Department of Computer Engineering, Pandit Deendayal Energy University, Gandhinagar 382007, India.
Department of Electronics and Information Engineering, Korea University, Sejong 30019, Korea.
Biosensors (Basel). 2022 Feb 27;12(3):144. doi: 10.3390/bios12030144.

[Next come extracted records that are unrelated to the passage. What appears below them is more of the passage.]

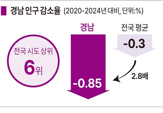 ◇인구 감소의 늪, 내수 기반 자체가 무너진다= 경남의 위기는 인구 감소에서 시작된다. 보고서에 따르면 지난 2020년부터 2024년까지 경남의 인구증감률은 -0.85%로, 전국 평균 -0.30%의 2.8배에 달하는 감소율을 기록했다. 경남은 경북(-1.04%), 부산(-0.94%), 전북(-0.92%) 등과 함께 전국에서 인구 감소율 상위 6위권에 속한다.
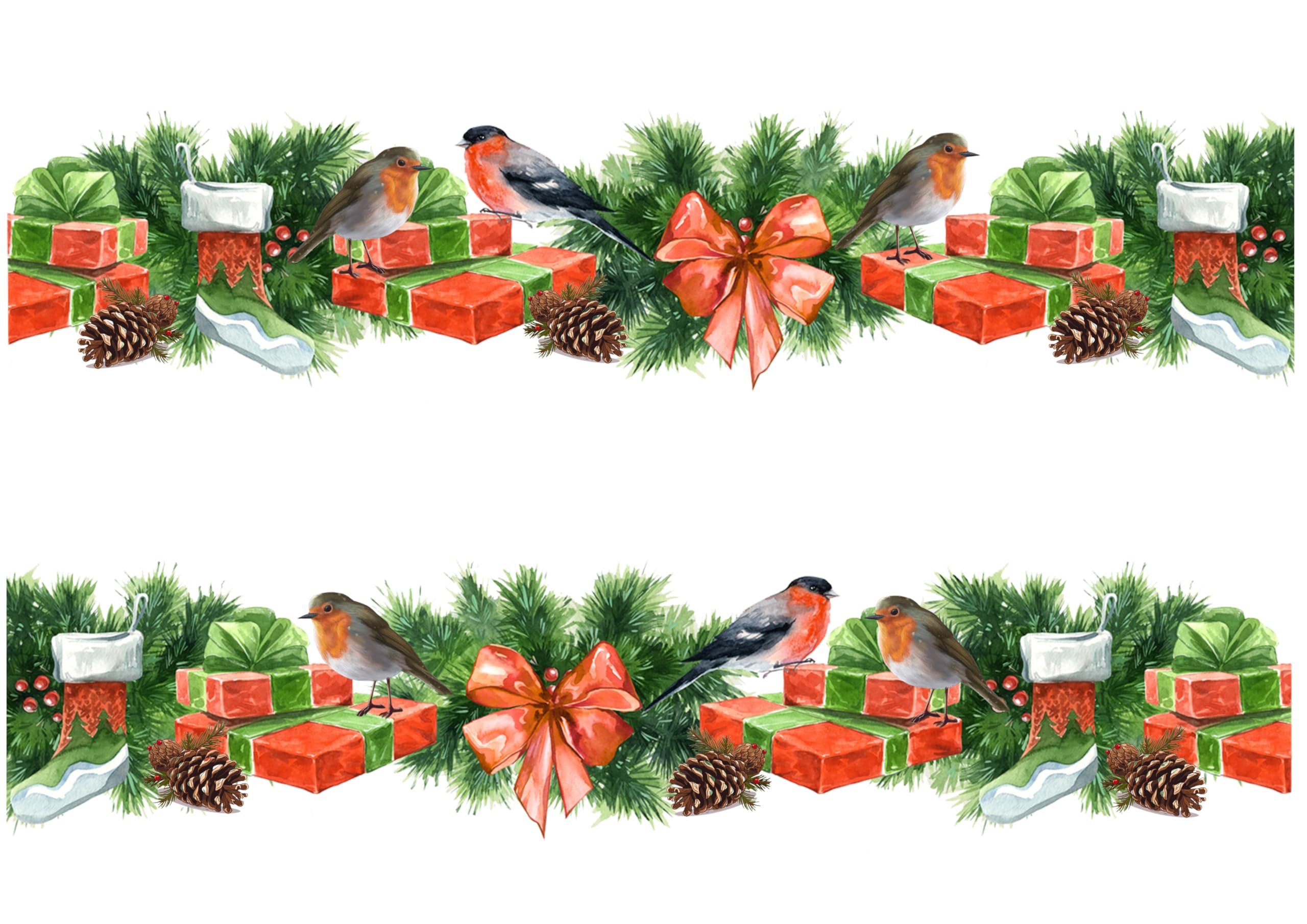 Christmas Robins Border Edible Decor Icing Sheet Cake Toppers Decorations. This border is printed on an A4 Decor icing sheet with edible inks. It's supplied on an A4 icing sheet with 2 strips (Each border length is approx 28cm long x 6cm depth) that REQUIRE CUTTING OUT. This works well on fondant iced cakes or buttercream. This item will have a plastic backing. Please remove before use. To store this product, we advice to keep flat in a cool dry place. Do not put in fridge or freezer and keep out of sunlight to avoid fading. Try to use on the day the cake is being served. This item has a best before date of 6 months from purchase date. Fully Edible Decor Sheet Ingredients - E1422,E1412,Maltodextrin,Humectant E422, Sugar, Water, Stabilizers E414,E460i, Dextrose, Emulsifiers E435, E491, E471, Flavours, Acidity Regulator E3330, Preservative E202, Sucralose.Fully Edible - Fully Edible - Fully Edible - Decor Icing Ingredients -Thickener(E1422,E1412), Maltodextrin, Hunecetant E422, Sugar, Water, Stabilizers(E414,E460i), Dextrose, Emulsifiers (E435, E491,E471), Food Colour E171, Flavours, Acidity Regulator E330, Preservative E202, Sucralose. Fully edible with a shelf life of at least 6 months from purchase if kept dry and in sealed packet. You will receive images exactly as shown in the picture and just peel off the plastic backing and place on dampened cake. This great cake topper is printed on an A4 Decor icing sheet with edible inks. Each border length is 28cm long x 6cm depth. A4 Edible Decor Icing Sheet Christmas Robins Border Edible Cake Topper Decoration - Great for larger cakes.
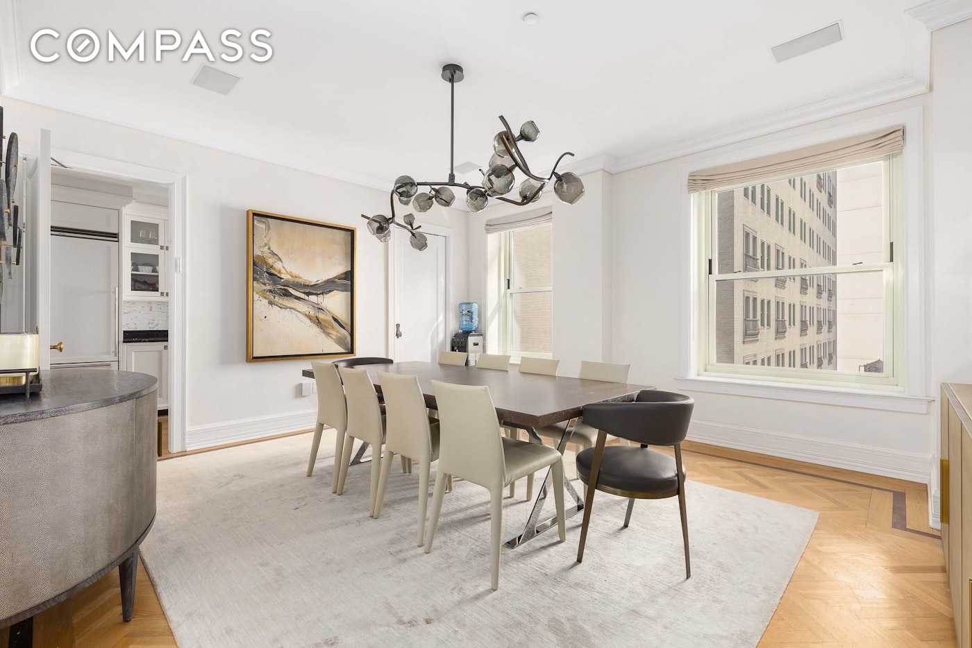 Phòng ăn rộng rãi và sang trọng, sở hữu hai cửa sổ lớn hướng Tây, đủ thoải mái để tổ chức những bữa tiệc đông người hoặc các buổi họp mặt thân mật. Nhà bếp có cửa sổ, được trang bị bộ thiết bị bếp bằng thép không gỉ cao cấp của Viking và Miele thuộc bộ sưu tập Plaza, mặt bàn đá Nero Marquina sang trọng và tường ốp mosaic đá cẩm thạch trắng.

The lens-free shadow imaging technique (LSIT) is a well-established technique for the characterization of microparticles and biological cells. Due to its simplicity and cost-effectiveness, various low-cost solutions have been developed, such as automatic analysis of complete blood count (CBC), cell viability, 2D cell morphology, 3D cell tomography, etc. The developed auto characterization algorithm so far for this custom-developed LSIT cytometer was based on the handcrafted features of the cell diffraction patterns from the LSIT cytometer, that were determined from our empirical findings on thousands of samples of individual cell types, which limit the system in terms of induction of a new cell type for auto classification or characterization. Further, its performance suffers from poor image (cell diffraction pattern) signatures due to their small signal or background noise. In this work, we address these issues by leveraging the artificial intelligence-powered auto signal enhancing scheme such as denoising autoencoder and adaptive cell characterization technique based on the transfer of learning in deep neural networks. The performance of our proposed method shows an increase in accuracy >98% along with the signal enhancement of >5 dB for most of the cell types, such as red blood cell (RBC) and white blood cell (WBC). Furthermore, the model is adaptive to learn new type of samples within a few learning iterations and able to successfully classify the newly introduced sample along with the existing other sample types.
无透镜阴影成像技术(LSIT)是一种成熟的用于微粒子和生物细胞特征分析的技术。由于其简单性和成本效益,已经开发出了各种低成本的解决方案,例如完整的血液计数(CBC)、细胞活力、2D 细胞形态、3D 细胞断层扫描等的自动分析。迄今为止,为这种定制的 LSIT 细胞仪开发的自动特征化算法是基于 LSIT 细胞仪的细胞衍射模式的手工制作特征,这些特征是从我们对数千个个体细胞类型样本的经验发现中确定的,这限制了系统对自动分类或特征化的新细胞类型的诱导。此外,由于其信号小或背景噪声,其性能受到影响。在这项工作中,我们通过利用人工智能驱动的自动信号增强方案来解决这些问题,例如去噪自动编码器和基于深度神经网络中迁移学习的自适应细胞特征化技术。我们提出的方法的性能显示出准确性提高了>98%,并且大多数细胞类型(如红细胞(RBC)和白细胞(WBC))的信号增强了>5dB。此外,该模型具有自适应学习新类型样本的能力,并且能够成功地对新引入的样本以及现有的其他样本类型进行分类。